Just wait a little while, my dear... I will come to you soon, and for as long as possible at any given time. Don't leave me! I promise there's time for you.


Back to the grindstone... I have:
Sharpe's 1/2 page ad
Paste up Thrifty double-truck
Finish pasting up classifieds; don't forget OCAN and legal notices!
Set up the Basketball preview double-truck
Make the 4x8 Madill Chevy ad - just add some turkeys to an old one or something quick
Make changes to the ads Shelly proofed.
Make the two thank-you ads.
Check the boards for any ads that Shelly may still have out for proof.

I can wait to do Madill Chevy and the proofed ads in the morning...it's late as it is.
lsdiamond: (Default)
...except those who care enough to ask...

I lost my identity when we moved. I didn't find myself until more than a year later...in fact, I only just truly found a place I can be happy(ier) last month.

I'm sad inside. This negative energy fills me much of the time, and it's a bad feeling. I used to vent that energy by bleeding it out. That wasn't really so long ago, when I think about it. Seven years is not so long. Maybe that wasn't the best way to release those forces, but it worked for a little while. I felt good for a few hours afterward....then, when that went away, I slept, so it didn't matter.

Then I met +Kyle. Truly, he helped dig me out of some of that stuff. But he also made me promise never to do it again.

He's on a REALLY big kick about promises right now, so I'm a little limited on what I can do.

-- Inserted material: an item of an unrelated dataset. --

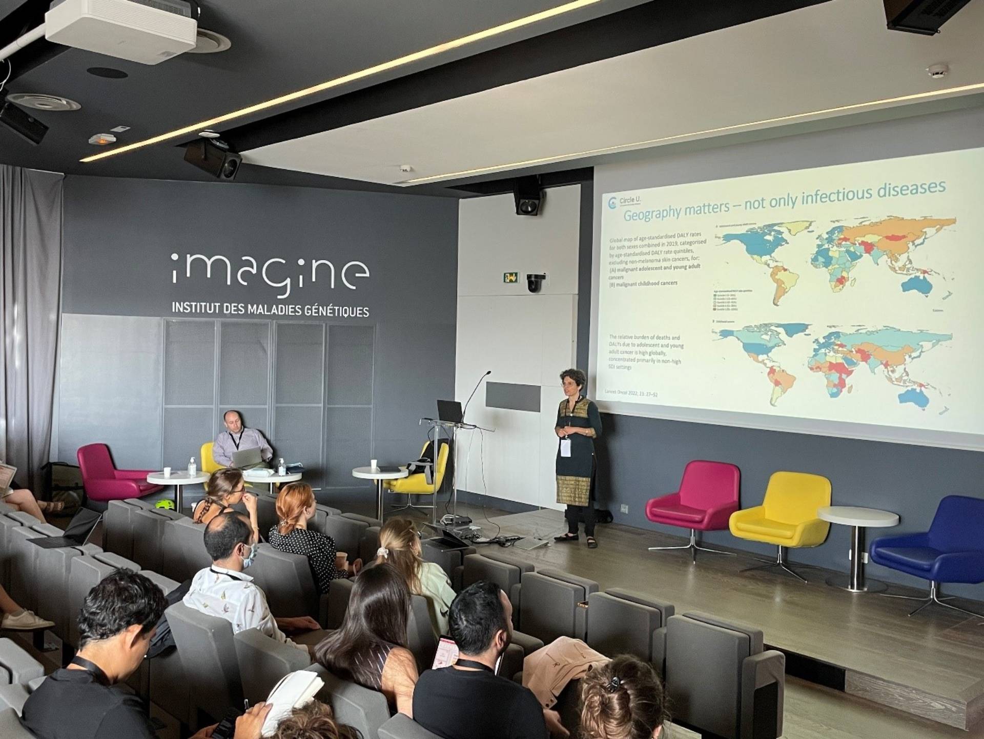 Université Paris Cité a eu le plaisir d’accueillir 36 doctorantes, doctorants et jeunes chaleureuses et chercheurs des neuf universités Circle U. pour la première école d’été Circle U. en Santé Globale intitulée « Rethinking Global Health ». L’école d’été s’est déroulée du 4 au 8 juillet 2022 à l’Institut Imagine.
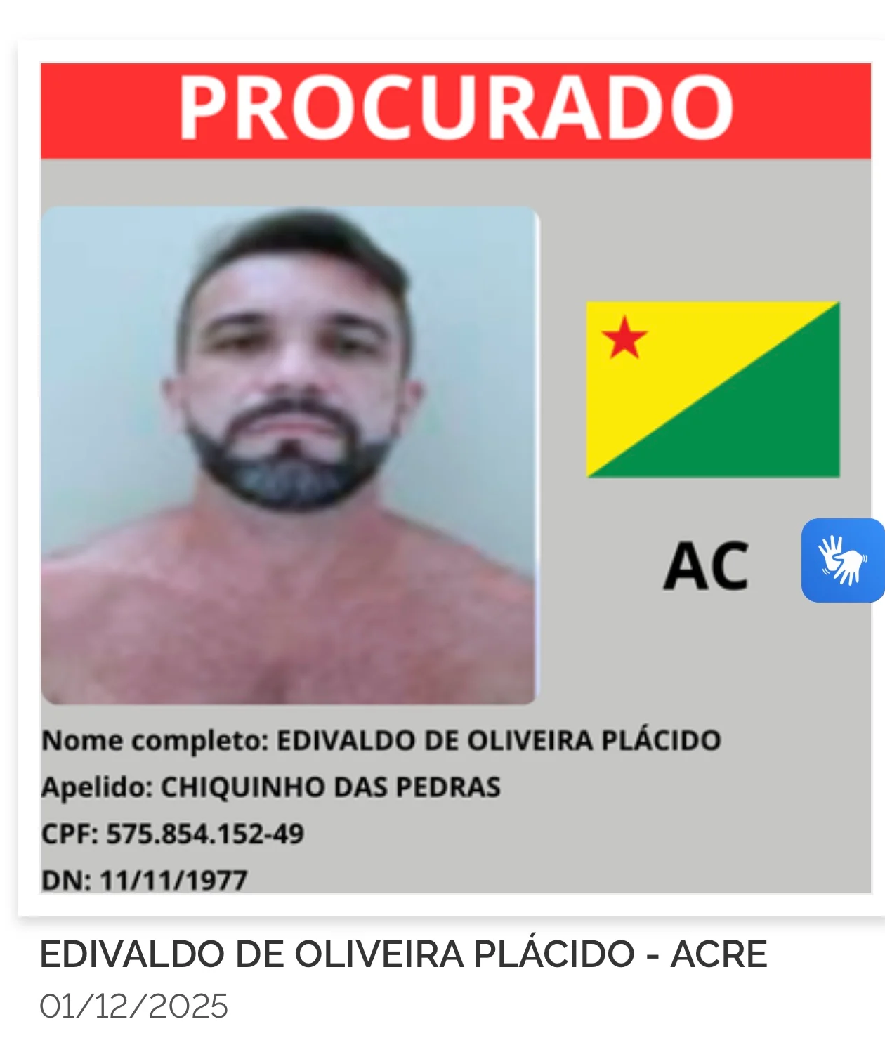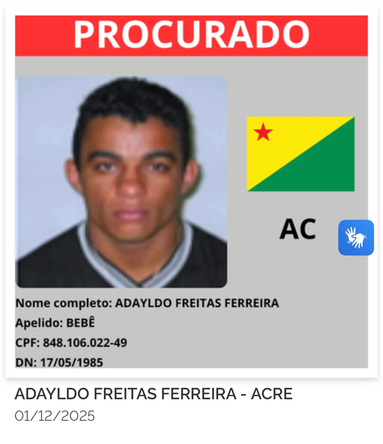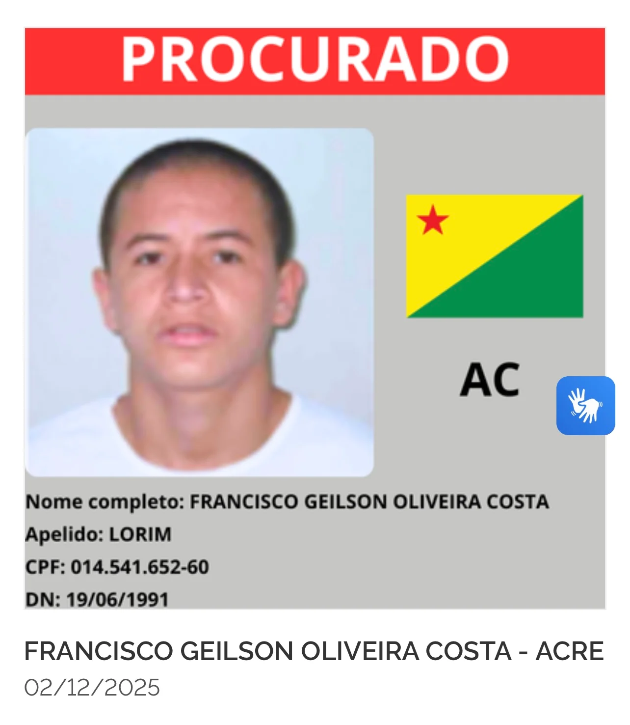 O Ministério da Justiça e Segurança Pública lançou nesta segunda-feira (8) o site gov.br/captura, que reúne a lista dos 216 criminosos mais procurados do país. Cada estado indicou oito alvos prioritários, o que inclui também o Acre, cujos oito foragidos agora aparecem entre os nomes monitorados nacionalmente.

Dressing up, acting out, whatever you want to call it, it worked. It's like wearing the darkness on the outside actually transferred it from inside me - a sort of shamanism, if you will.

And it didn't hurt anyone.

But now I've disrupted the white bread corporate wannabeism of their golf country club lifestyle. I'm an embarassment to them, and they won't admit it to themselves or anyone else. They patronize me.

They refuse to recognize the fact that, despite my outward appearance, I have always...ALWAYS...put the customer first. Never have I yelled at a customer. Never have I been rude to one. I don't yell throughout the building, ranting about meaningless things. I don't lose things. I don't complain (except here) very much at all. I've taken two sick days, and they were both legitimate. There have been MANY days when I *should* have taken off sick, and didn't because the work had to be done, and I didn't want to burden someone else with the tasks. I've never asked anything of them. I've saved them money on numerous occasions.

The only thing I've ever done is be myself, and suddenly they can't handle it...and they hide it in their syrupy speeches, making lame excuses as usual.

This is no different than the racist pigs who judge by the color of someone's skin or the manner in which they speak. I've been judged by my appearance alone, my skills, talents, and accomplishments disregarded. It's okay that a co-worker with seniority says, does, and looks however she wants...just not me.

They do have a point. Certain businesses should exhibit a degree of 'professionalism'. But if that means everyone must fit into the same box, I want no part of it.

Censored

Oct. 2nd, 2003 10:25 am
lsdiamond: (Default)
I am hereby banned from expressing myself at work.